Billy Vail shook his head. “No, there is no evening westbound train tonight. The best you could do is to run south to Hobbs and then cut over, and that would cost more time. Your best bet would be to take the ten o’clock train in the morning.” Billy Vail, like many in the Marshal Service, was almost an encyclopedia of train schedules.
Longarm said, “I’m going to ask Lee Gray to stay in Santa Rosa until I get there. Do I have your authority to deputize him and put him on the payroll?”
Billy Vail nodded. “Yes, you can make him a Special Deputy at six dollars per day, him to furnish his horse and cartridges.”
“All right, and unless you hear from Henderson before that train pulls out in the morning, you can just consider me gone.”
Billy Vail scratched his thinning hair. “Longarm, if I told a man to be careful every time I sent him off on a job, all I’d do would be to spend my time telling men to be careful. But I’ll tell you, this time I really feel like you ought to be careful.”
Longarm picked up the telegram and the wanted poster. “I’m going to take this poster with me. I’ll be staying at White’s Hotel, so you can reach me there by telegram, but for heaven’s sake, don’t wire the sheriff or the marshal or any other of the law down there. I don’t even want them to know I’m there. I’m going to put the badge in my shirt pocket and button it, and I’ll just be some old boy riding through.”

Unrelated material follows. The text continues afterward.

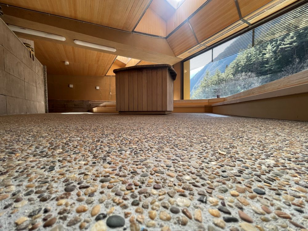 旅館の洗い出し仕上げ(完成) 2026年2月19日 最終更新日時 : 2026年2月19日 nakamura 旅館の改修現場が終わりました。 露天風呂、そして床は洗い出し仕上げです。 絶景の眺めです。 こちらは大浴場です。乾きが早く施工中はとても苦戦しましたが、きれいに仕上がりホッとしています。 こちらの旅館は3月からリニューアルオープンを予定しています。 美しい景色とあわせて、洗い出した石の質感もぜひ感じていただけたら嬉しです。 \ 最新情報をチェック /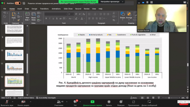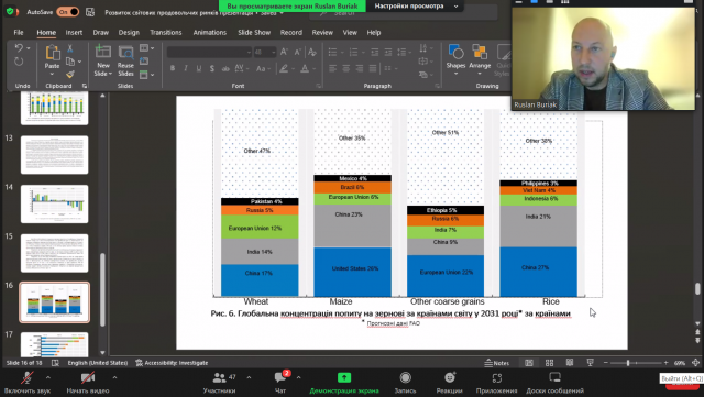 Доктор економічних наук, професор кафедри маркетингу та міжнародної торгівлі Руслан Іванович Буряк проаналізував світові продовольчі ринки, розкрив проблемні питання сьогодення та окреслив перспективи розвитку.

“Good luck to you. I hope this works out. I’ll damned sure sleep a lot better.”
Longarm turned and walked out the door. Over his shoulder, he gave a half wave and said, “Adios, you old sonofabitch. I’ll see you a lot sooner than you want.”
Billy Vail yelled after him, “That’s for sure! Never would be too soon!”
Longarm chuckled as he went down the stairs, but by the time he hit the street he wasn’t laughing anymore. He felt in his bones that a very unusual job was before him. The first order of business on his mind was to get a telegram off to Lee Gray about when he should expect Longarm to arrive in Santa Rosa. But before that, he had to get some information from the ticket agent about the trip.
He walked to the train depot again even though it was a good long walk. It was still easier than getting out his horse.
The passenger agent said the best route out of Denver would be to run south through Colorado Springs and down through Pueblo, Colorado, to Raton, New Mexico, where he would have to change trains and pick up a line out of Raton down to Santa Fe. There, he would have to change lines again to catch the train that ran east-west between Albuquerque and Tucumcari. He would make his last switch in Tucumcari, which was only fifty or sixty miles from Santa Rosa. It wasn’t that far in miles, but it appeared to be about a fourteen-hour trip with a lot of switching in between. After he had bought his ticket using a government voucher, he went around to the telegraph office and wrote out his message on a blank to Lee Gray.